Records excerpted from a collection:
----

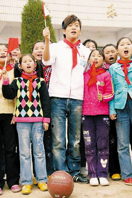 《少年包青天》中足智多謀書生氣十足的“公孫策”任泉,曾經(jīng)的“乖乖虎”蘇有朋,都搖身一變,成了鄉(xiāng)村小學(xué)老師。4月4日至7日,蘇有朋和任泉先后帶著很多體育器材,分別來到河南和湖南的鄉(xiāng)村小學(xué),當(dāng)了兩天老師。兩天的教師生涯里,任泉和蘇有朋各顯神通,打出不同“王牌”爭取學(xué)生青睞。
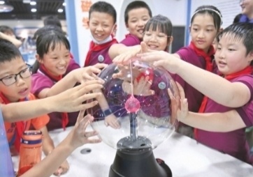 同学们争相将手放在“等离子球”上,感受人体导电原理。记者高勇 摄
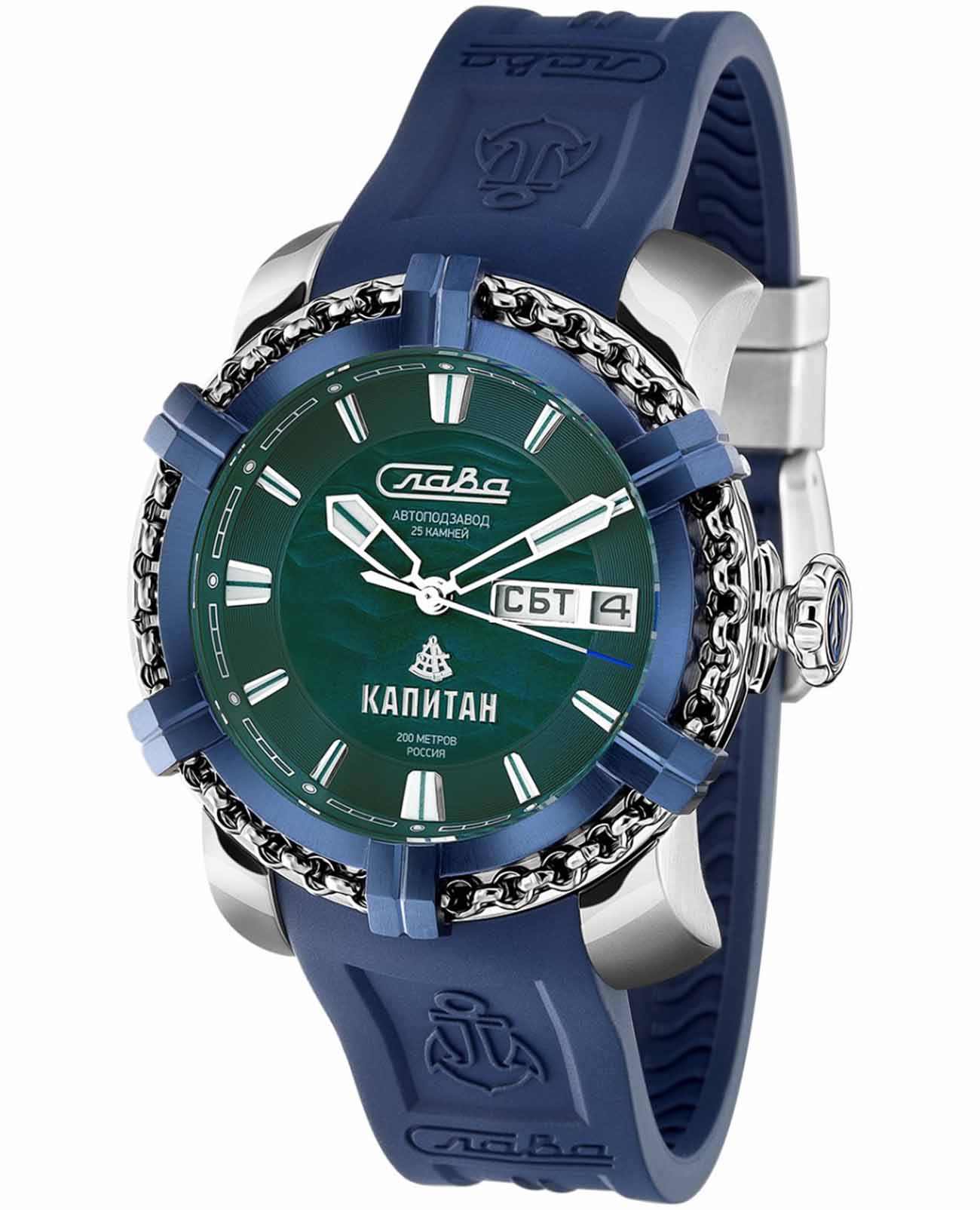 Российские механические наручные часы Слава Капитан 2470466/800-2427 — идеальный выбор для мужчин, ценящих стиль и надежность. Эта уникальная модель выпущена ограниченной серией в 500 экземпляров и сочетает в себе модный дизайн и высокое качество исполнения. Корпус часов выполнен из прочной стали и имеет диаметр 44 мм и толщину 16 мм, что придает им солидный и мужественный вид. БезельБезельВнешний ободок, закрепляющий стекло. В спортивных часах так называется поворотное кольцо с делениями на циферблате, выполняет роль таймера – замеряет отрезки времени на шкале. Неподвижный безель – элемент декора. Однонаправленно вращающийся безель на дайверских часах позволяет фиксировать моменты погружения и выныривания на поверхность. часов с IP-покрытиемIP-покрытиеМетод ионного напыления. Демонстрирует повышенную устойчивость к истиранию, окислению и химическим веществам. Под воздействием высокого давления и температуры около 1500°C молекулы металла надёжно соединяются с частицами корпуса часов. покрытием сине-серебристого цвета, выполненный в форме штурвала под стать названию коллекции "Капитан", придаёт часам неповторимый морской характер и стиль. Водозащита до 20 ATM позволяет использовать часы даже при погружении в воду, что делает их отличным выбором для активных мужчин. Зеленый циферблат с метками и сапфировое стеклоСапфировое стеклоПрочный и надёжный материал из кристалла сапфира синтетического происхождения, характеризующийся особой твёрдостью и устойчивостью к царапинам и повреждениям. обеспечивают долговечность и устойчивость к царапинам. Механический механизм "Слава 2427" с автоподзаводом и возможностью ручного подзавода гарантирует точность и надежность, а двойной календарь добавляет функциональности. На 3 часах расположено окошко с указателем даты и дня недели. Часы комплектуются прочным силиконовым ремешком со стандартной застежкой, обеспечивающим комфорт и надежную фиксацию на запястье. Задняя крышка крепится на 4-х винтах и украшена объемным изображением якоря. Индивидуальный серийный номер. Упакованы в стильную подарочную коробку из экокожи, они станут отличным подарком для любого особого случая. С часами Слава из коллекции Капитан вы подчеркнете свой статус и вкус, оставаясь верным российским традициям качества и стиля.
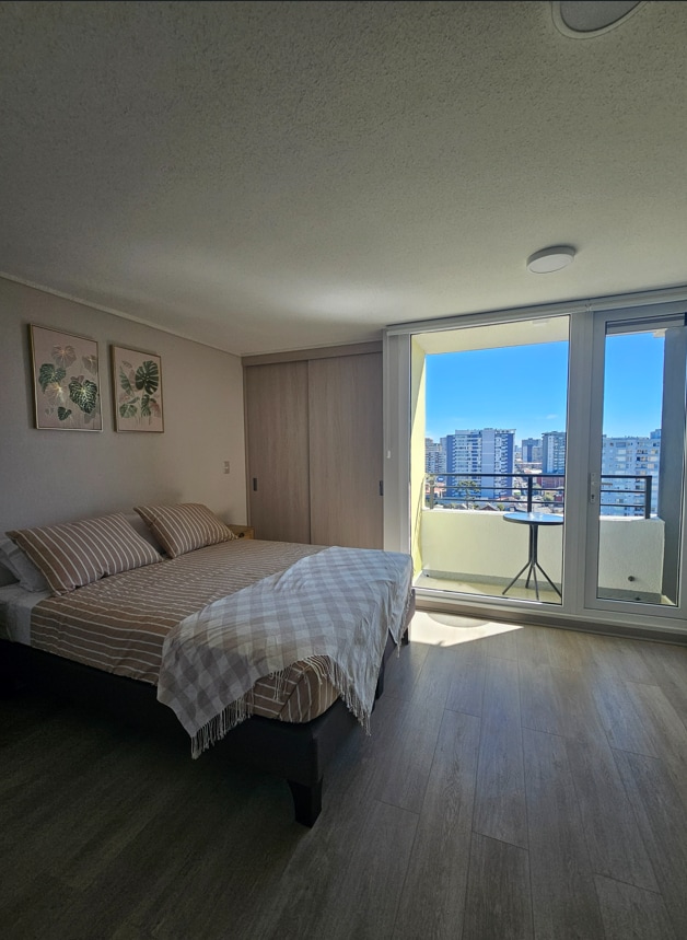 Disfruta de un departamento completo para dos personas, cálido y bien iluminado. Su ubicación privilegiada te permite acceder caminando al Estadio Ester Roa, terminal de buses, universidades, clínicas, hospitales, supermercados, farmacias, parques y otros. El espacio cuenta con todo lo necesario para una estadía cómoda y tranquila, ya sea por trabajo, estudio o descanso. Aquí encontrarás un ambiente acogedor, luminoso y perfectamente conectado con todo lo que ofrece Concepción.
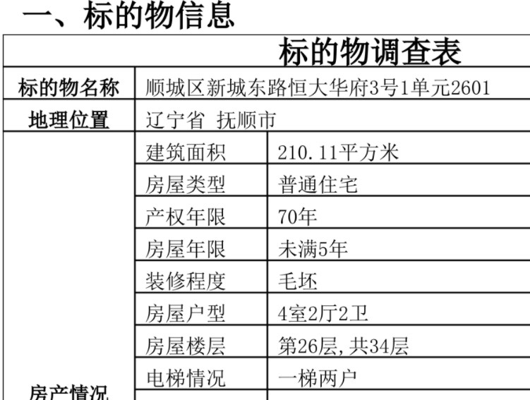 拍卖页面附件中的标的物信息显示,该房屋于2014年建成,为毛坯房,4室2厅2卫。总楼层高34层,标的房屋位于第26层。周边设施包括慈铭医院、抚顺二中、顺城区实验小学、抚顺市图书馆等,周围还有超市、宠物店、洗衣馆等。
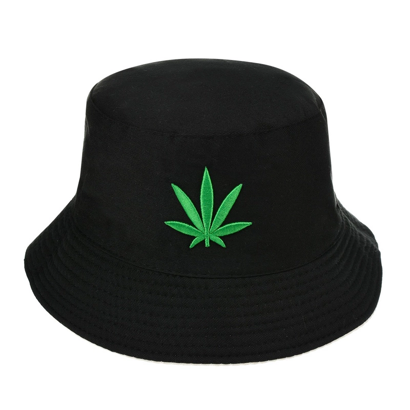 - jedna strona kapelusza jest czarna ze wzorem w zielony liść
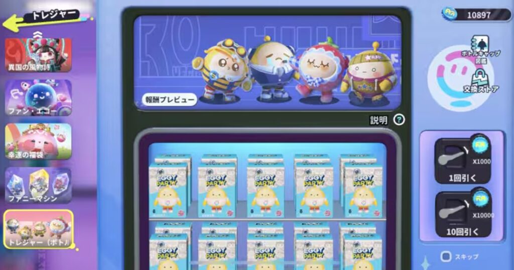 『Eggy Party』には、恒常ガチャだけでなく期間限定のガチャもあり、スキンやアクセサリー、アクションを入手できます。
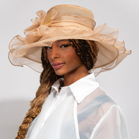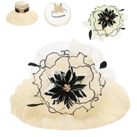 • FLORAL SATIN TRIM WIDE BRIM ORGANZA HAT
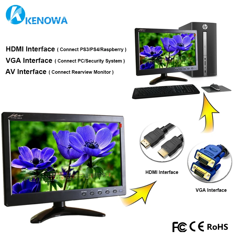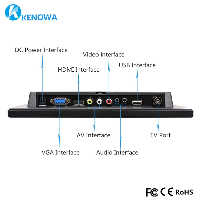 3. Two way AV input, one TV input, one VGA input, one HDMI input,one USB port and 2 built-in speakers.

----

Task details:
From the line that contains "BRIM ORGANZA HAT" down to the last line of the entries above, copy every line exactly and leave out the pictures.

Exercise solution:
 • FLORAL SATIN TRIM WIDE BRIM ORGANZA HAT
 3. Two way AV input, one TV input, one VGA input, one HDMI input,one USB port and 2 built-in speakers.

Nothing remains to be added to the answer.